PTHS Hall of Famer Hermes Lee Dies Sunday | Sports
It’s hard to think of Hermes Lee in terms of a single life. Just when a life came to fruition, this place was shut down quickly, horribly, but it built itself a new life, where its achievements were even greater.
Lee, a 1968 graduate of Paducah Tilghman High School and a 2019 PTHS Hall of Fame inductee, died Sunday at the age of 72.
Lee was a rising star in track and field from the start of his high school career, setting the school record in the 440-yard sprint at 49.8 seconds and helping his team win the 1966 track and field title. was the anchor for the 4×220-yard relay team – setting a high of 49.1 seconds in his leg of this event – and completed the 100-yard and 220-yard dashes. He lost just one race in his sophomore season of 1966 and received two college scholarship offers.
On March 5, 1967, during his junior year, Lee was hit by a car while crossing the road after church services, breaking both legs and ending his track career.
After working for the Caterpillar Company in Peoria, Illinois, for a year, he saved money to attend college at West Kentucky Community and Technical College, then known as Paducah Junior College, where he graduated in 1971.
He got a scholarship from the Ford Foundation, which allowed him to choose which university to attend.

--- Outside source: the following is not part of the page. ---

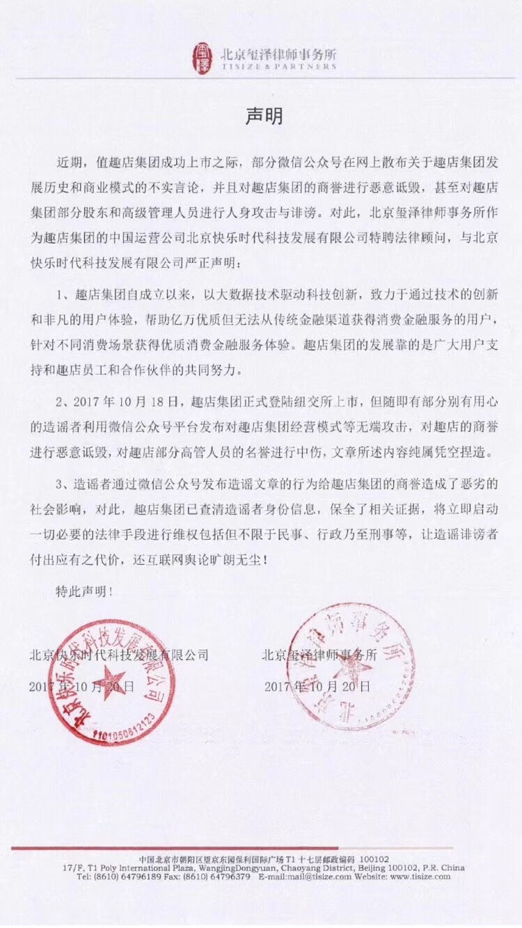 趣店IPO,连续两个交易日增长超过20%,市值115美元,成为仅次于BAT、京东、蚂蚁、网易、滴滴、美团、微博、携程、今日头条的第十二大互联网公司。不过,却遭致许多媒体的口诛笔伐,因为“现金贷”这个业务,导致了不少底层人士陷入雪上加霜的资金困境,甚至出现一些极端个案。我的看法:现金贷不过是金融工具,有利有弊,企业法无禁止即可为,逐利更是资本天职,道德不过是遮羞布而已,在商言商,指责趣店无意义。不过,看到这个回应,也太不专业了…

He chose the University of Missouri at Rolla, where he graduated magna cum laude in 1973 with a degree in electrical engineering. He would later obtain the prestigious certification of professional engineer.

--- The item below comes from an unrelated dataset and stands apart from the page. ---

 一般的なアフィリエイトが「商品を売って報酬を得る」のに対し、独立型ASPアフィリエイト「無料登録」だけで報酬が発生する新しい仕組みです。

Lee began his professional career as an electrical engineer for Union Carbide in Paducah. He then went to work in Nevada, working for Pioneer Chemical in Las Vegas before becoming a plant supervisor for a chemical company in Henderson.
Twenty years later, he joined H&M Architects and Engineering in Jackson, Tennessee, where he was born.
In 2004, he accepted a position with Smith, Seckman and Reid Construction Inc. in Memphis, where we worked until — and after — his retirement.
During his career, Lee has done engineering work in several hospitals, prisons and schools and worked on an engineering project for Bosh Appliance. He oversaw Nevada’s Colorado River Commission Base Management Company, which supplies power to western states.
A resident of Humboldt, Tennessee, Lee has also been active in community projects, including the Boys and Girls Clubs of Paducah and Henderson, Nevada, as well as the regional interfaith association, city council and county commission meetings, the Dream Center, the Carl Perkins Center for the Prevention of Child Abuse and more.
“He did all of these things and never stopped — never stopped doing,” Lee’s sister Arlene Norvell said. “…He trained over 45 engineers, and he did a training session for the WC Young Community Center.”
Originally named Herms, his father changed the spelling – but not the pronunciation – to Hermès.
Hermes was the Greek god of speed, which Lee had early in his life, but he did better at the Greek god by building a new life that was even more successful than the first through the talents of his mind and a persistent work ethic. .
This article was edited by David B. Snow at 11:00 p.m. May 31, 2022.